┌─ Supplied records

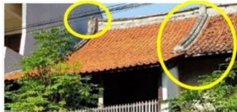
Gambar 10. Jurai Atap Seperti Ekor Burung Walet
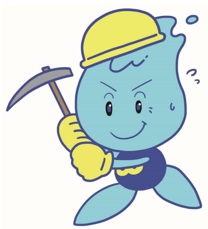
仙台市水道局マスコットキャラクター “ウォーターくん”
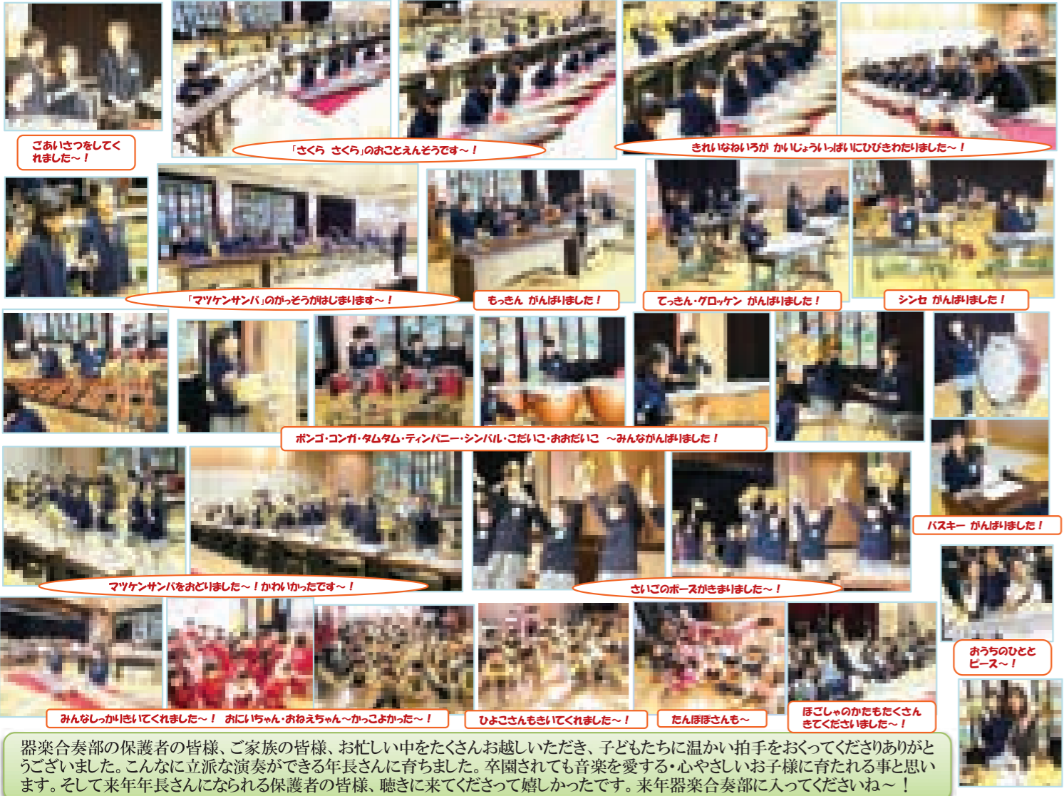
ごあいさつをしてくださいました~! 「さくら さくら」のおことえんどうです~! きれいな音が かじょういばいにひびきわたりました~! 「マツケンサンバ」のかっそうがはじまります~! もっせん がんばりました! てっせん・グロックン がんばりました! シンセ がんばりました! ボンゴ・コンガ・タム・ティンパニー・シンバル・こだいこ・おだいこ ~みんながんばりました! マツケンサンバをおどりました~! かっこよかったです~! さいこのホースがききました~! おうちのひととピース~! みんなしっかきしてくれました~! おにいちゃん・おねえちゃん~かっこよかったです~! ひよこさんもきいてくれました~! たんぼほさんも~ ほごしゃのかたもたくさんきてくださいました~!

器楽合奏部さんは、年長さんの合奏大好きな子どもたちの課外教室さんです。昨年度までは、年長さん全員が参加して、大阪府下の他の幼稚園さんとの合同音楽コンサートに参加していましたが、今年から器楽合奏部さんのみの《園内発表会》となりました。器楽合奏部の子どもたちは、1年間かけて頑張ってきた成果を、お家の方や園児たちにも披露してくれました。お琴演奏は『さくら さくら』~かけあいやトレモロも入れたすてきな演奏でした。合奏は『マツケンサンバ』でした。リズムに乗ってみんなそろってかっこよく演奏してくれました。園内発表会では、年長さんの演奏にみんなきき入っていました!「かっこよかったです!」という感想をたくさんもらって、器楽合奏部さんもうれしそうでした! アンコールで『マツケンサンバ』をみんなで踊ってくれました。鑑賞してくれたたんぼほ・ひよこ・年少・年中・年長さんたちは大喜びでした! 指導に携わってくれた器楽合奏部の先生達ありがとうございました。1月31日(金) 2月1日(土)
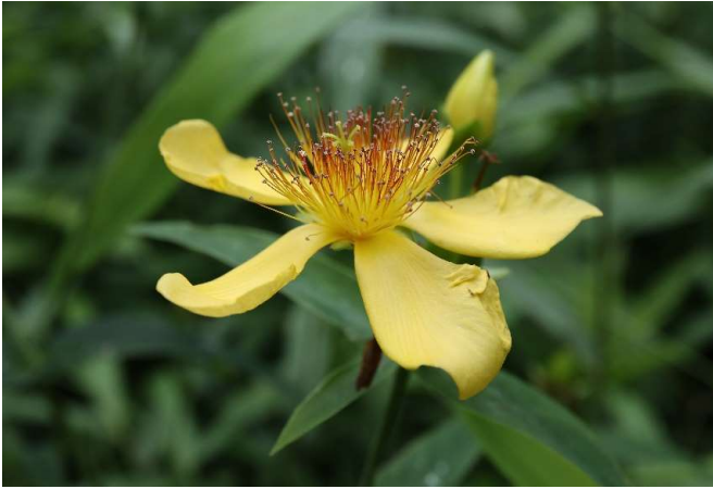
トモエソウ(巴草): オトギリソウ科 6月末～7月末(7月5日)
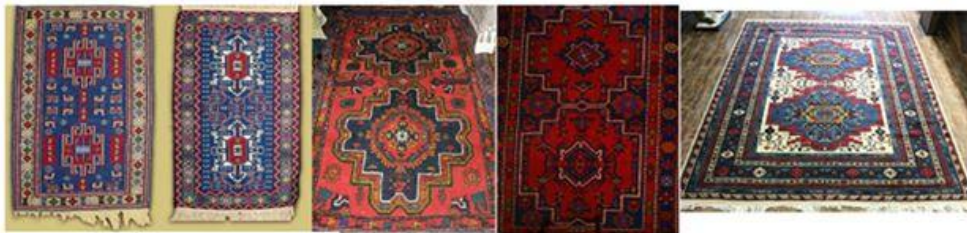
Лезгинские ковры - двухобъектные (тип А)
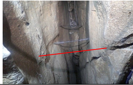
En rouge : emplacement du barreau manquant

Entrée des cavités : CAP – Soucy – Nonceuil
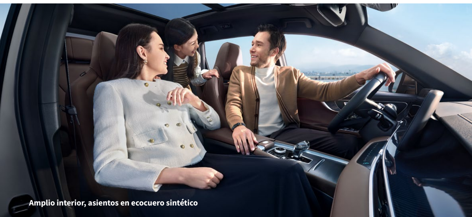
Amplio interior, asientos en ecocuero sintético
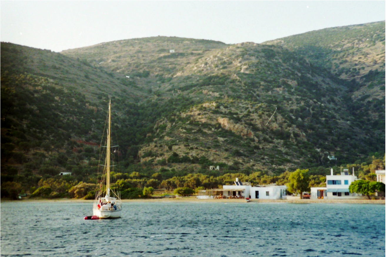
Eine Bucht im Süden von Siphnos – Fallböen ...
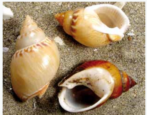
Nasse changeante, une pêche en développement

Par ailleurs, 2 espèces d'intérêt communautaire fréquentent ponctuellement la zone : la tortue caouanne et le grand dauphin. Les tortues marines bénéficient sur la commune du Grau-du-Roi d'un centre de soins pour tortues marines qui intervient suite à des échouages ou captures (CESTMED). Un autre animal emblématique y est observé régulièrement, notamment à proximité des enrochements de la digue de Port Camargue : l'hippocampe à museau court.
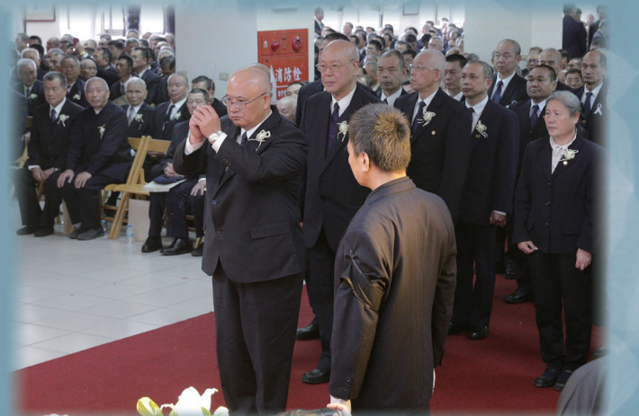
△ 寶光玉山王寶宗前人率領公奠。
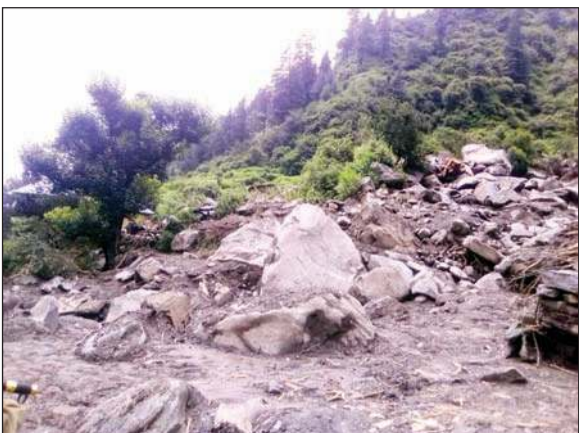
बादल फटने से हुई तबाही का मंजर।

पंडोह नशे और नशेदियों का अड्डा बन चुका है। हर कहीं दिन में शराबी मिलेंगे। चिट्टे और चरस के लिए भी पंडोह की पहचान बनती जा रही है, जो हमारी युवा पीढ़ी के भविष्य पर सवालिया निशान हैं। मंडी-कुल्लू पुलिस पंडोह चरस व चिट्टे के सौदागरों को पकड़ चुकी
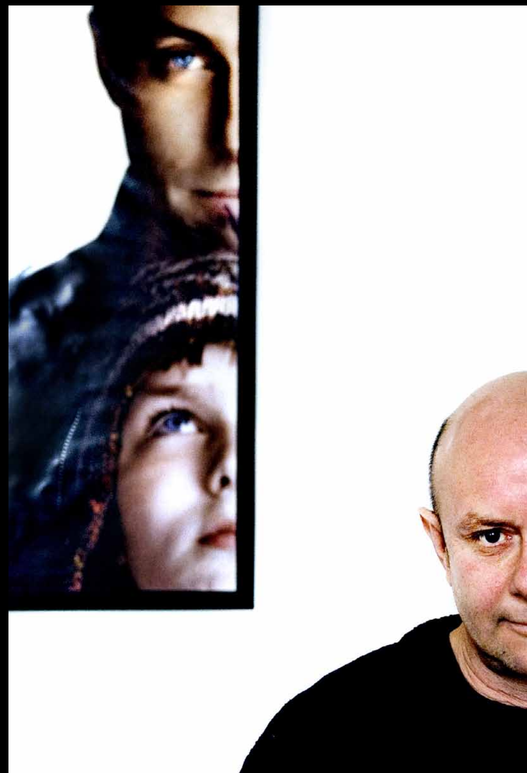
Författaren Nick Hornby i sin skrivarlya i London.

– Ofta är vi fotografer på plats vid fel tillfälle. Tillfället kanske är bra för en intervju men inte för foto. Om en artist till exempel släppt en skiva träffas man ofta på ett café, men vi fotografer borde i stället vara med när de repar eller packar väskor. Tyvärr måste vi trola med knäna många gånger – bildtillfället är fel men vi får se till att hitta en snygg vinkel, ett schysst ljus, en bra komposition och ett bra uttryck på den som ska fotograferas.
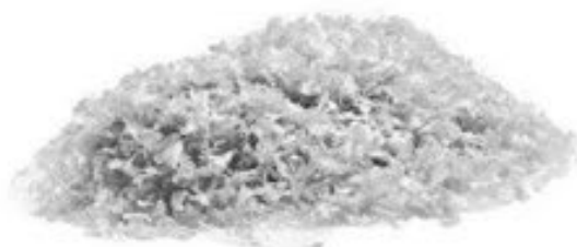
Plasten bliver hakket i små bidder.
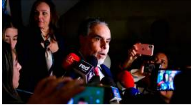
El presidente Petro con la firma de todos los ministros, puede pedir lo que es una consulta popular.

Reiteró que lo que busca la reforma laboral es que "se paguen las horas extras un poco más, un poco más los festivos, que las mujeres que tienen la menstruación puedan estar un poco más en sus casas, que los jóvenes que están en su primer trabajo, las prácticas, se les pague, que no se esclavicen. Básicamente era eso, no
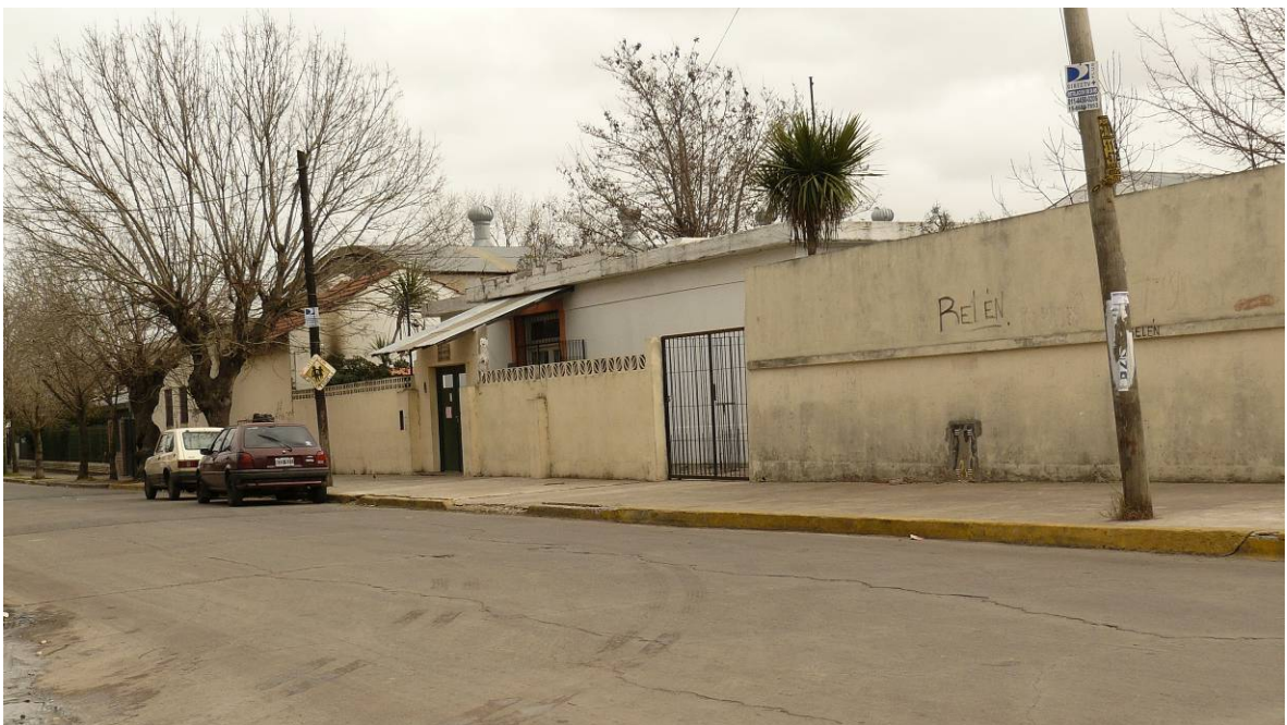
Vistas generales del Barrio Carola Lorenzini y sus servicios.
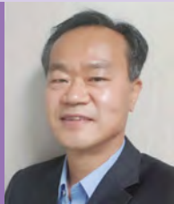
남, 청각장애, 서양화
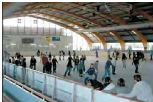
La patinoire propose des nocturnes jusqu'à 23h les vendredi et samedi ainsi que des soirées à thème.

3.60 euros pour le même public hors agglomération). Ou encore : 1 euro pour les jeunes et les titulaires du « Pass'Jeunes Patinoire » (contre 3.60 euros pour le même public hors agglomération) et 2 euros pour le forfait famille comprenant 1 adulte et un enfant (1 euro par personne supplémentaire de la même famille). Enfin, la patinoire propose également des abonnements intéressants et des tarifs groupes ainsi que des prestations inhérentes à l'activité (location de patins, affûtage) qui sont là aussi proposées à des tarifs réduits pour les habitants de Grigny ou Viry-Chatillon.
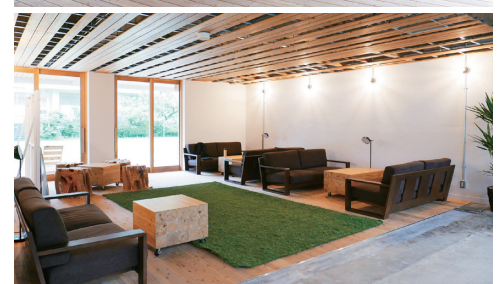
上/武雄市図書館、中・下/ SAGA FURUYU CAMP
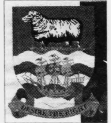
Eins og feroingar hava Falklandsøygjar eisini seyðin í sínum skjaldramerki

Tað merkir, at talan kann verða um 50 mill. kr. til hvønn íbúga á Falklandsøygjunum skrivur Daily Mail. Bretland fer so at krevja ein part av oljuinntøkunum, nú landið hvør ar
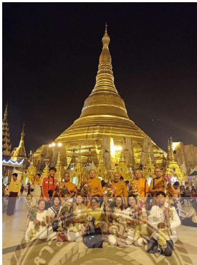
ภาพเจดีย์ชเวดากอง(พม่า) ที่มา: บริษัทธรรมहरษาทัวร์ แอนด์ แพรวเวด จำกัด
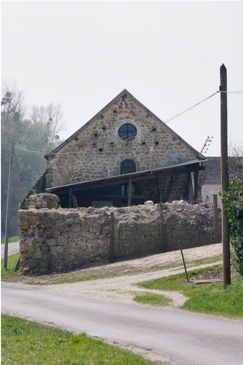
Chapelle : mur-pignon est, vue prise de la rue. 89, Saint-Florentin, lieudit : la Maladrerie
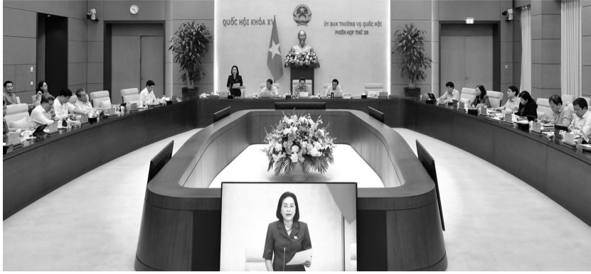
● Tại Phiên họp thứ 38 vừa qua, Ủy ban Thường vụ Quốc hội đã cho ý kiến (lần 2) về dự án Luật Nhà giáo. (Ảnh: quochoi.vn)

Kết luận nêu rõ, UBTVQH thống nhất về sự cần thiết xây dựng Luật Nhà giáo. Hồ sơ dự án Luật cơ bản đủ điều kiện trình Quốc hội xem xét cho ý kiến tại Kỳ họp thứ 8. Về các chính sách đối với nhà giáo, UBTVQH yêu cầu tiếp tục rà soát, hoàn thiện các chính sách đối với nhà giáo theo hướng thận trọng, nhất quán, khả thi, có sự đột phá; bảo đảm các khung chính sách của Nhà nước về nhà giáo được cụ thể hóa đầy đủ. Đánh giá kỹ lưỡng hơn tác động của những chính sách mới, nhất là việc bảo đảm các

└─

# Directions for this task:
Once the line with "上/武雄市図書館、中・下/ SAGA FURUYU CAMP" is found in the data above, reproduce it and each line after it exactly, through the line with "giáo. (Ảnh: quochoi.vn)". Omit the pictures.

# Response for this exercise:
上/武雄市図書館、中・下/ SAGA FURUYU CAMP
Eins og feroingar hava Falklandsøygjar eisini seyðin í sínum skjaldramerki

Tað merkir, at talan kann verða um 50 mill. kr. til hvønn íbúga á Falklandsøygjunum skrivur Daily Mail. Bretland fer so at krevja ein part av oljuinntøkunum, nú landið hvør ar
ภาพเจดีย์ชเวดากอง(พม่า) ที่มา: บริษัทธรรมहरษาทัวร์ แอนด์ แพรวเวด จำกัด
Chapelle : mur-pignon est, vue prise de la rue. 89, Saint-Florentin, lieudit : la Maladrerie
● Tại Phiên họp thứ 38 vừa qua, Ủy ban Thường vụ Quốc hội đã cho ý kiến (lần 2) về dự án Luật Nhà giáo. (Ảnh: quochoi.vn)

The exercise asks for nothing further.